══ Information shown ══

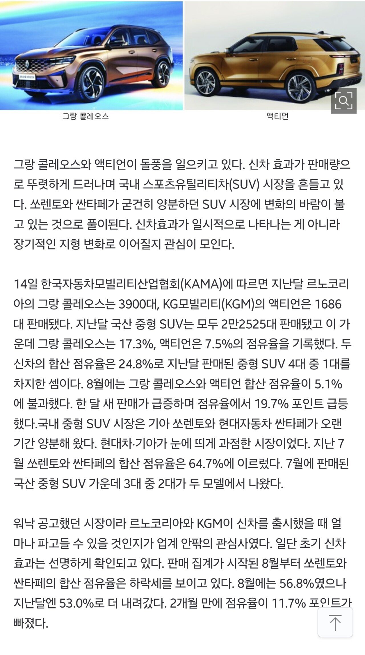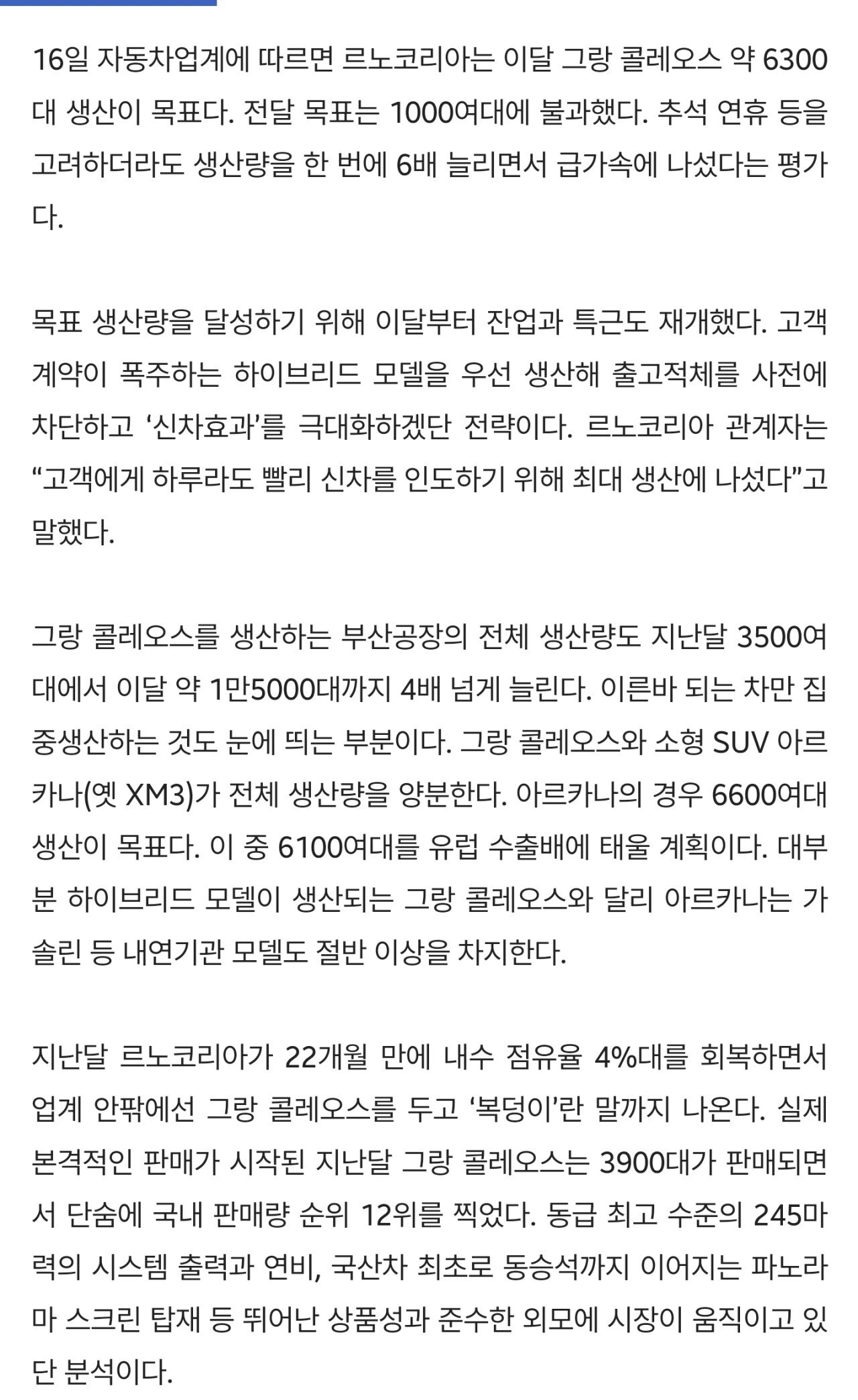 판매량 순위 12위 / 르노코리아 시장점유율 4% 회복 등
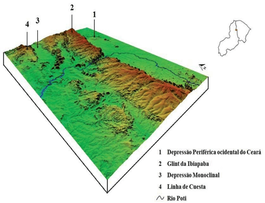 No segmento ocidental do Estado do Ceará, na zona que hoje corresponde à divisa com o Estado do Piauí, esse soerguimento colocou terrenos sedimentares (os arenitos da Bacia Sedimentar do Parnaíba, bem antigos, de cerca de 430 milhões de anos) e terrenos cristalinos também antigos (de 2,2 bilhões de anos, formado por gnaisses e outras rochas metamórficas) lado a lado (Figura 1).
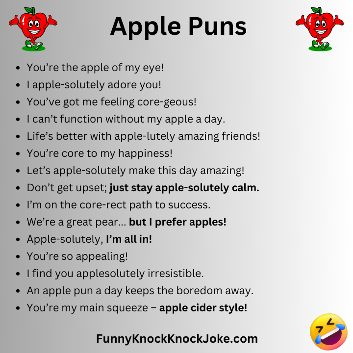 Here are some timeless apple puns that never fail to delight:
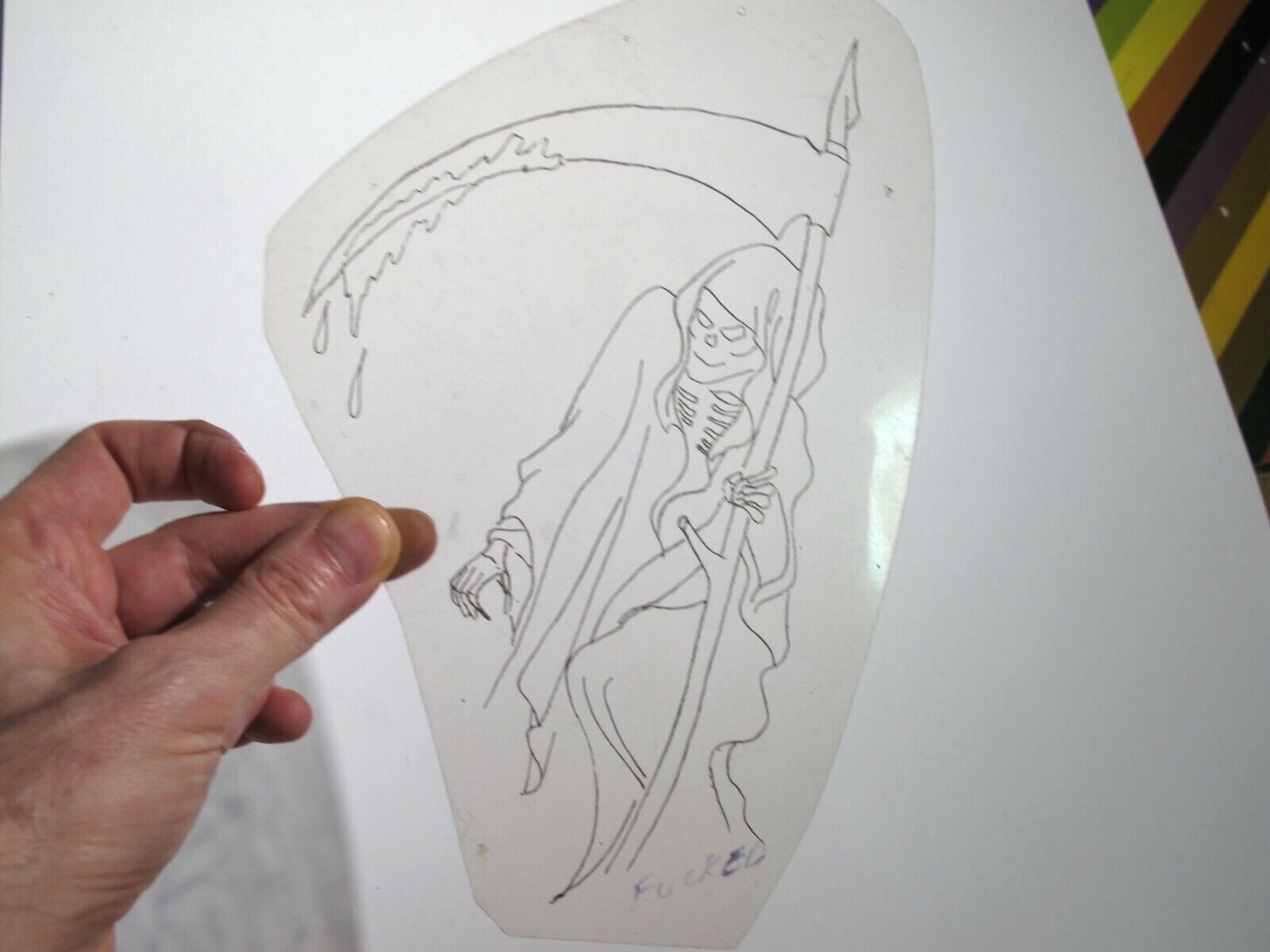 vtg 1960s 1970s Tattoo Flash acetate stencil Bloody Sickle Reaper REP2

═══

- **Task**:
Please print the data above in its entirety, exactly, but without any picture.

- **Exercise output**:
 판매량 순위 12위 / 르노코리아 시장점유율 4% 회복 등
 No segmento ocidental do Estado do Ceará, na zona que hoje corresponde à divisa com o Estado do Piauí, esse soerguimento colocou terrenos sedimentares (os arenitos da Bacia Sedimentar do Parnaíba, bem antigos, de cerca de 430 milhões de anos) e terrenos cristalinos também antigos (de 2,2 bilhões de anos, formado por gnaisses e outras rochas metamórficas) lado a lado (Figura 1).
 Here are some timeless apple puns that never fail to delight:
 vtg 1960s 1970s Tattoo Flash acetate stencil Bloody Sickle Reaper REP2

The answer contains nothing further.